(Dataset entries)
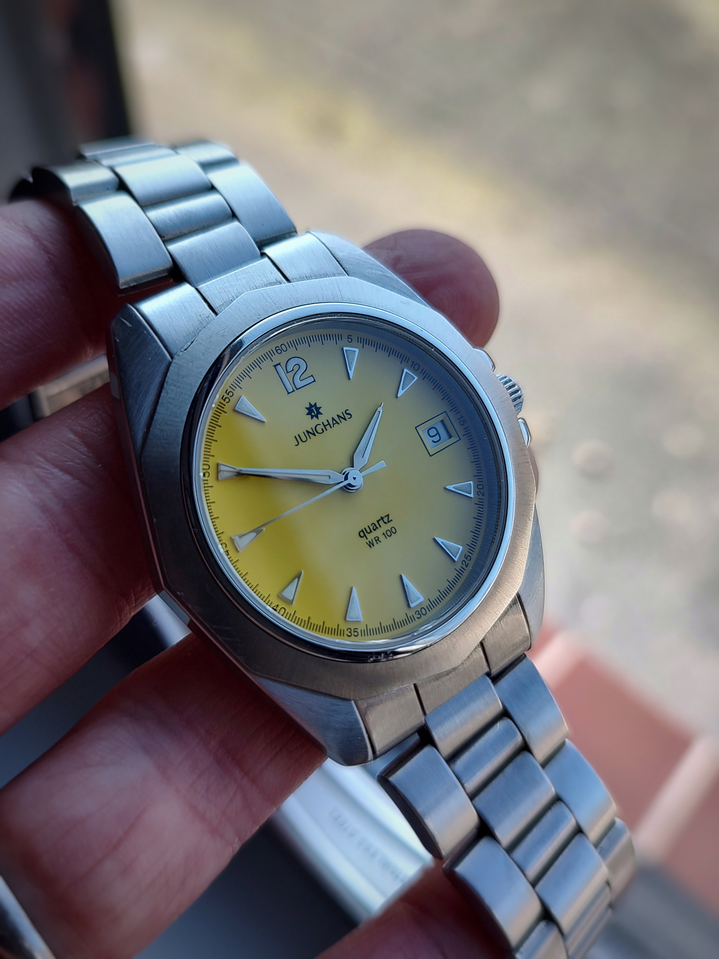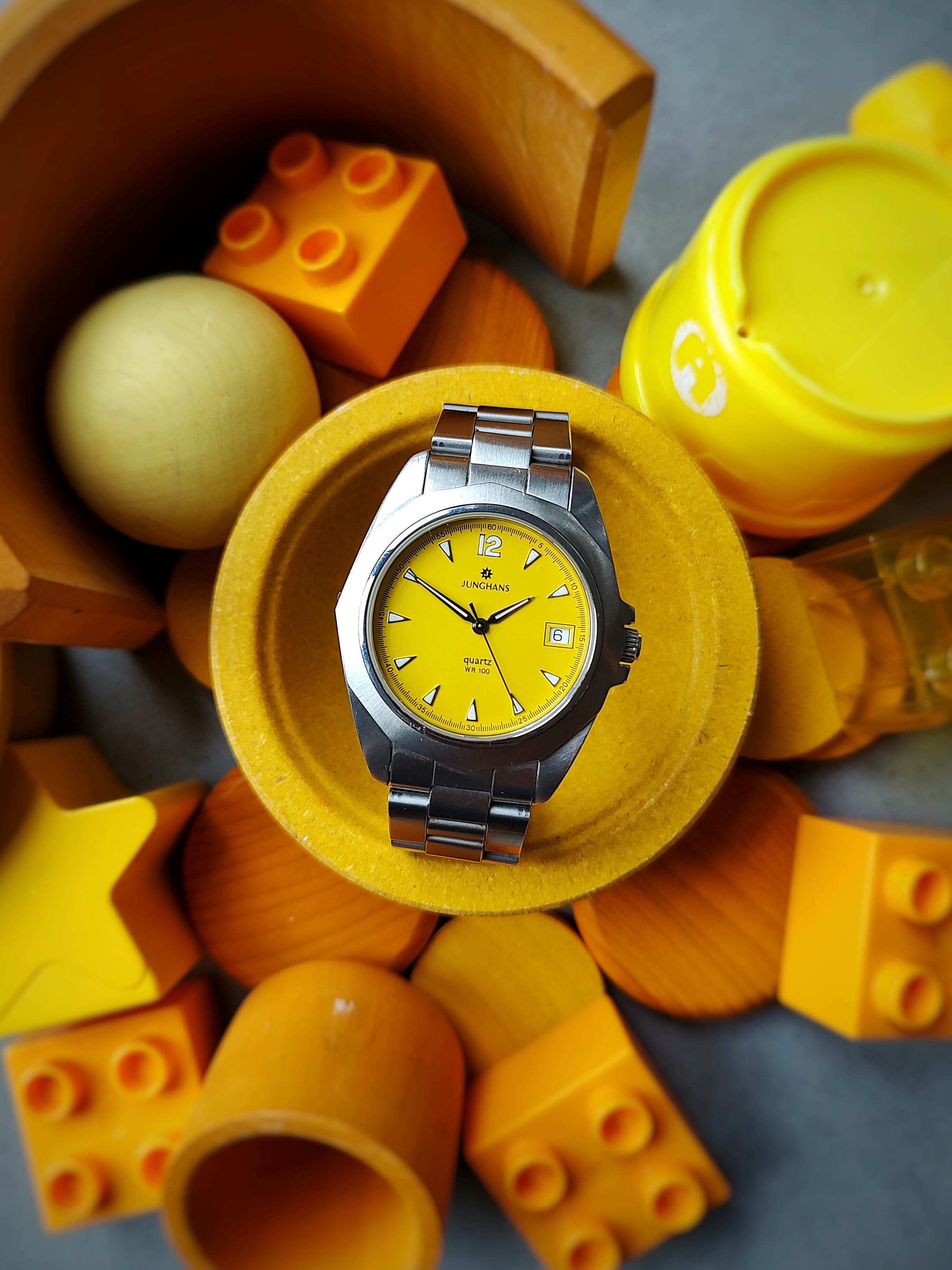 In januari werd dit opvallende horloge met z’n kanariegele wijzerplaat in het blauwe gedeelte aangeboden door @Uhrenliebhaber, die 'm recent uit Duitsland geimporteerd had.
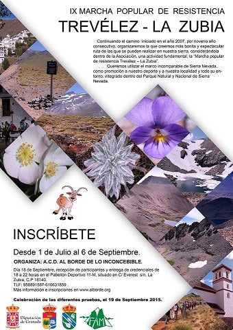 Una cita que permite a los participantes recorrer el Parque Nacional de Sierra Nevada. Se va a celebrar el el próximo día 19 de septiembre. ... Organizada por la Asociación Al Borde de lo Inconcebible, toda la información de la actividad se encuentra en la página web en el siguiente enlace: http://alborde.org/travesia_trevelez.html Para participar es posible inscribirse directamente en la web. Para cualquier aclaración se puede contactar en la dirección de correo travesiatrevelezlazubia@gmail.com. La IX edición de la Marcha Popular de Resistencia Trevélez-La Zubiaque presenta novedades respecto a otras ediciones anteriores, según explica el presidente de Al Borde de lo Inconcebible, Miguel Jiménez Sola. La salida es desde Trevélez a las 04:00 horas por La Vereda Del Chorrillo; para continuar hasta la Laguna de La Caldera y seguir hasta La Carihuela del Veleta... La ruta exige buena preparación física y equipación para condiciones adversas, siendo siempre guiada por miembros de la organización.
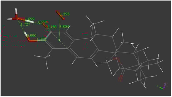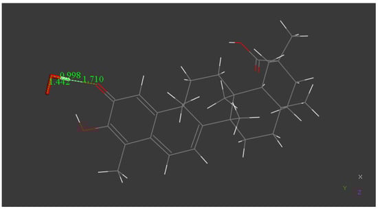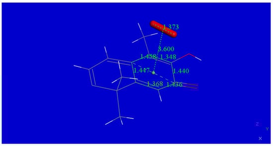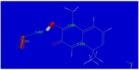 Superoxide π-π approached by model celastrol, final state, obtained after density functional theory (DFT) geometry optimization. Comparing with Figure 8, there is lengthening of the ring C-C double bonds, 1.382 Å and 1.378 Å, and shortening of O-O bond, 1.286, due to O2 formation.
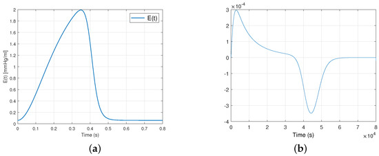 The elastance function is implemented using a number of mathematical approximations, including , the so-called “double hill” [24]. In this paper, represents the normalized elastance at time . “Normalized” means that it has been adjusted or expanded to fit a specific range, often between 0 and 1 or and 1. The normalized elastance is scaled proportionally between and . Specifically, when , equal , and when , equal . In the context of the cardiovascular system, describes how elastance dynamically varies over time adjusted to heart rate, and this relationship is expressed by:
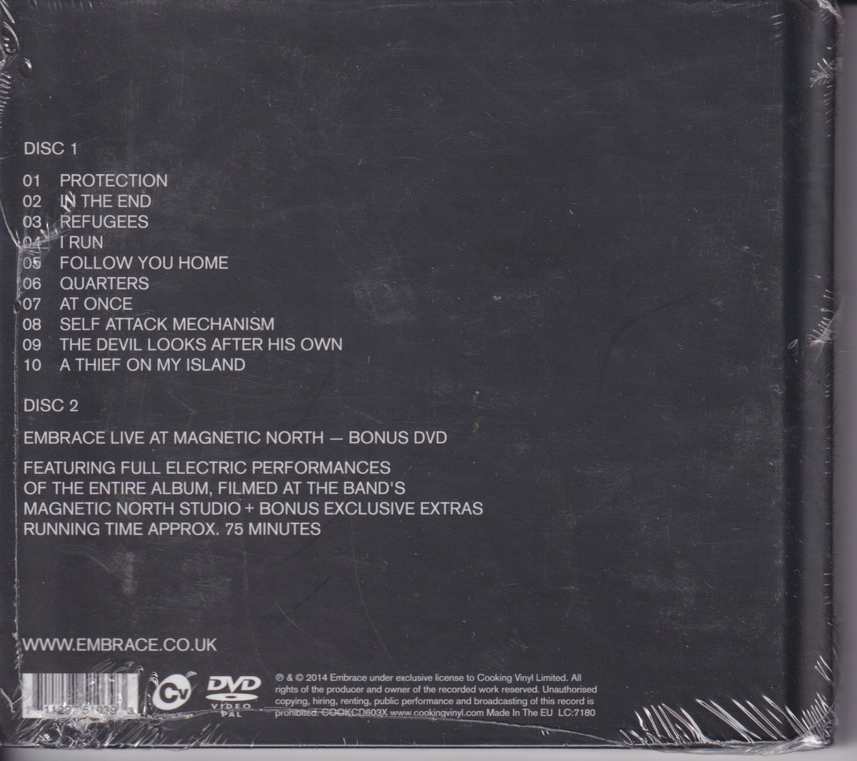 Country of release: Europe Release Year: 2014 Edition: Deluxe Edition Features: – Notes: – Tracklist: Disc 1/2 CD: 1-1 Protection 3:58 1-2 In The End 4:31 1-3 Refugees 5:00 1-4 I Run 4:11 1-5 Follow You Home 4:04 1-6 Quarters 4:53 1-7 At Once 3:57 1-8 Self Attack Mechanism 4:33 1-9 The Devil Looks After His Own 4:49 1-10 A Thief On My Island 6:32 Disc 2/2 DVD: 2-1 Embrace Live At Magnetic North 48:34 2-2 Refugees (Acoustic) 4:26 2-3 Follow You Home (Acoustic) 3:46 2-4 Ashes (Acoustic) 4:44 2-5 Official Refugees Promo Video 4:58 2-6 Secret Gig Trailers 5:19 More pictures, click to view full size:

• _Task item_
Pictures are to be dropped, and every record is to be copied exactly.

• _Answer space_
 In januari werd dit opvallende horloge met z’n kanariegele wijzerplaat in het blauwe gedeelte aangeboden door @Uhrenliebhaber, die 'm recent uit Duitsland geimporteerd had.
 Una cita que permite a los participantes recorrer el Parque Nacional de Sierra Nevada. Se va a celebrar el el próximo día 19 de septiembre. ... Organizada por la Asociación Al Borde de lo Inconcebible, toda la información de la actividad se encuentra en la página web en el siguiente enlace: http://alborde.org/travesia_trevelez.html Para participar es posible inscribirse directamente en la web. Para cualquier aclaración se puede contactar en la dirección de correo travesiatrevelezlazubia@gmail.com. La IX edición de la Marcha Popular de Resistencia Trevélez-La Zubiaque presenta novedades respecto a otras ediciones anteriores, según explica el presidente de Al Borde de lo Inconcebible, Miguel Jiménez Sola. La salida es desde Trevélez a las 04:00 horas por La Vereda Del Chorrillo; para continuar hasta la Laguna de La Caldera y seguir hasta La Carihuela del Veleta... La ruta exige buena preparación física y equipación para condiciones adversas, siendo siempre guiada por miembros de la organización.
 Superoxide π-π approached by model celastrol, final state, obtained after density functional theory (DFT) geometry optimization. Comparing with Figure 8, there is lengthening of the ring C-C double bonds, 1.382 Å and 1.378 Å, and shortening of O-O bond, 1.286, due to O2 formation.
 The elastance function is implemented using a number of mathematical approximations, including , the so-called “double hill” [24]. In this paper, represents the normalized elastance at time . “Normalized” means that it has been adjusted or expanded to fit a specific range, often between 0 and 1 or and 1. The normalized elastance is scaled proportionally between and . Specifically, when , equal , and when , equal . In the context of the cardiovascular system, describes how elastance dynamically varies over time adjusted to heart rate, and this relationship is expressed by:
 Country of release: Europe Release Year: 2014 Edition: Deluxe Edition Features: – Notes: – Tracklist: Disc 1/2 CD: 1-1 Protection 3:58 1-2 In The End 4:31 1-3 Refugees 5:00 1-4 I Run 4:11 1-5 Follow You Home 4:04 1-6 Quarters 4:53 1-7 At Once 3:57 1-8 Self Attack Mechanism 4:33 1-9 The Devil Looks After His Own 4:49 1-10 A Thief On My Island 6:32 Disc 2/2 DVD: 2-1 Embrace Live At Magnetic North 48:34 2-2 Refugees (Acoustic) 4:26 2-3 Follow You Home (Acoustic) 3:46 2-4 Ashes (Acoustic) 4:44 2-5 Official Refugees Promo Video 4:58 2-6 Secret Gig Trailers 5:19 More pictures, click to view full size:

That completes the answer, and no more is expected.